We should confirm this with confirmitive (test) analysis.
library(car)
library(lmtest)
#Test of linearity
summary(lm$residuals)
## Min. 1st Qu. Median Mean 3rd Qu. Max.
## -16.0507 -7.3132 0.2184 0.0000 7.8228 15.1005
#Test of autocorreation
durbinWatsonTest(lm)
## lag Autocorrelation D-W Statistic p-value
## 1 -0.02801735 2.055991 0.468
## Alternative hypothesis: rho != 0
#Test of normality
shapiro.test(lm$residuals)
##
## Shapiro-Wilk normality test
##
## data: lm$residuals
## W = 0.95692, p-value = 1.587e-14
#Test for homoskedascity
bptest(lm)
##
## studentized Breusch-Pagan test
##
## data: lm
## BP = 4.2896, df = 2, p-value = 0.1171
As the mean of the residuals is zero it suggests that the residuals are linear.
The p- value for autocorrelation is 0.692 which is greater than 0.05 obviously. So there is no auto correlation present.
For the test of normality, we did shapiro test.
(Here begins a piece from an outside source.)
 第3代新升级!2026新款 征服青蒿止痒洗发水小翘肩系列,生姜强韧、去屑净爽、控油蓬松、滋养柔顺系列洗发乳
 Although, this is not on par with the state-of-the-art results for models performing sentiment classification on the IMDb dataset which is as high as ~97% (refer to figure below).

The p-value is 2.31e-14 which is less than 0.05. It suggested that the distribution does not follow the normal distribution.
The p-value in the homoskedascity is 0.6247 which is greater than 0.05 so it confirms that, there is homoskascity. Or the variances are equally distributed.
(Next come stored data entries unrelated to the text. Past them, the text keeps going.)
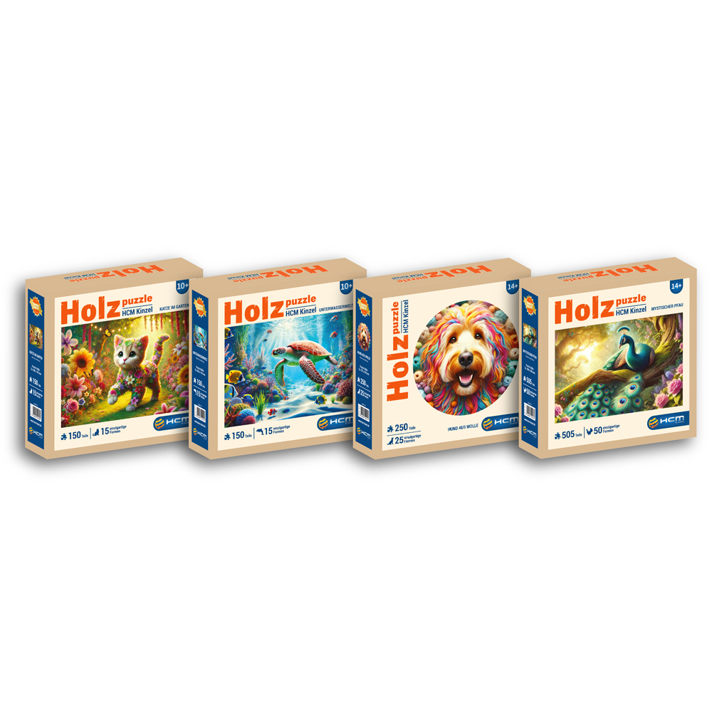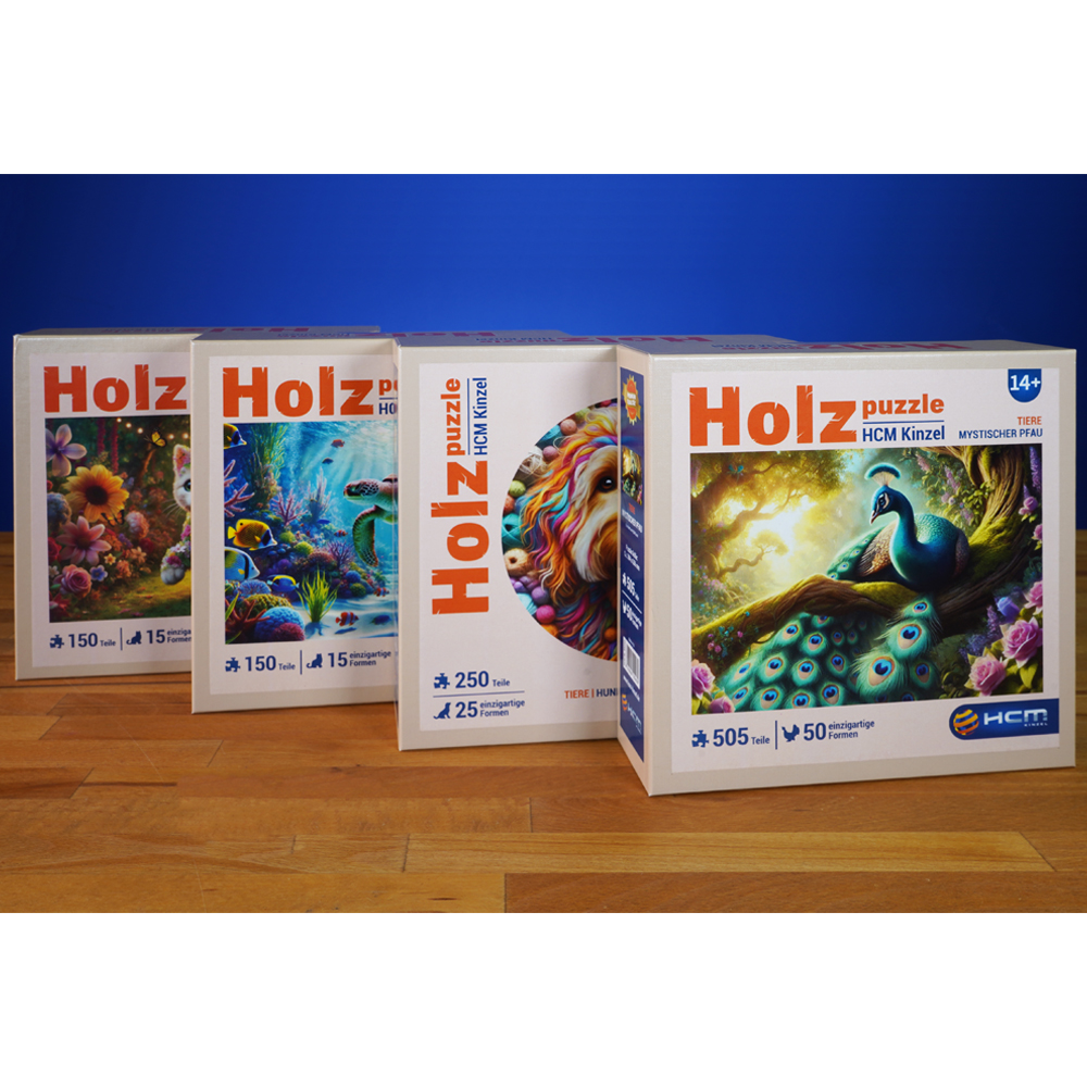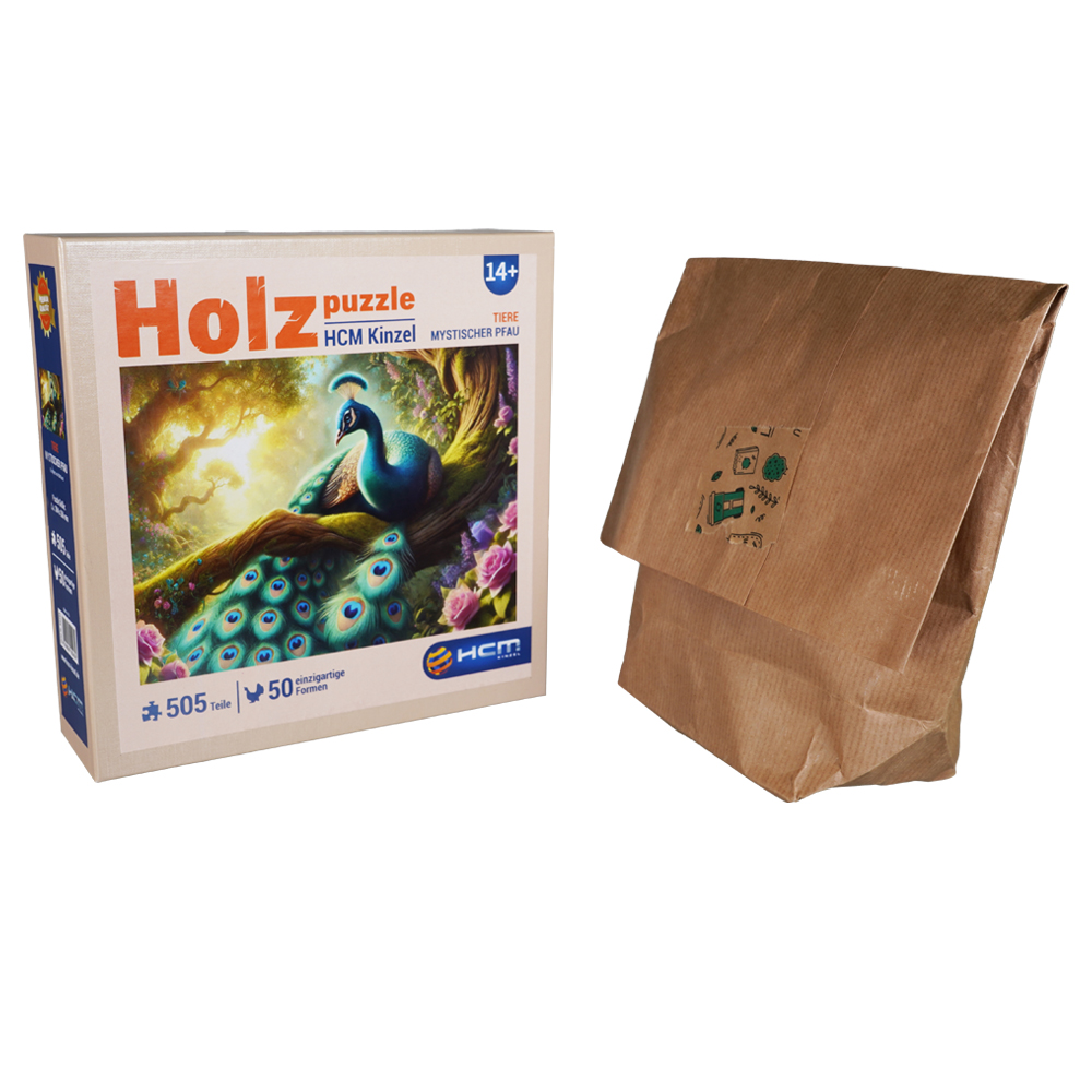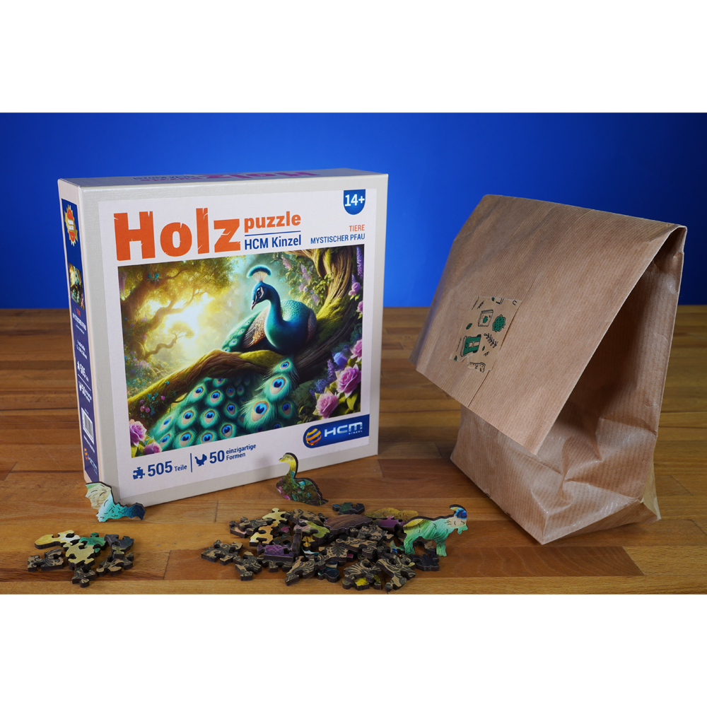 Sichere dir jetzt das HCM Kinzel Holzpuzzle Mystischer Pfau und genie ein einzigartiges, anspruchsvolles Puzzle-Erlebnis mit kstlerischem Flair!
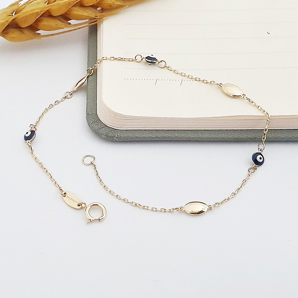 14 Ayar Altın İnce Zincirli Minimal Nazar Bileklik 630578
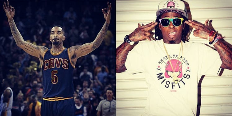 Sure, this might be some crazy coincidence, but mind you, JR Smith actually became one of the first athletes to join Young Money (hence the neck tat), and we all know who his favorite rapper is.

As our data did not pass the LINE test we should not be using this to model to predict.
library(dplyr)
predictions <- lm %>% predict(test)
#Saving predicted values:
data <- data.frame(pred = predict(lm), actual = train$BMI)
#For training data
library(caret)
predictions <- lm %>% predict(train)
R2_train = R2(predictions,train$BMI)
RMSE_train = RMSE(predictions,train$BMI)
MAE_train = MAE(predictions, train$BMI)
(R2_train)
## [1] 0.001775567
#For testing data
predictions_test <- lm %>% predict(test)
R2_test = R2(predictions_test,test$BMI)
RMSE_test = RMSE(predictions_test,test$BMI)
MAE_test = MAE(predictions_test, train$BMI)
(R2_test)
## [1] 0.009710952
With the values of R squared from both training as well as test test data,we can say that the value of R2 is far too less to accept this linear model. Our residual analysis had also failed suggesting that we can not fit the linear model. We fitted the model anyway and the value of R2 also confined it. So everything suggested we can not fit linear model in this data. We can try either polynomial regression model or any other models for this data.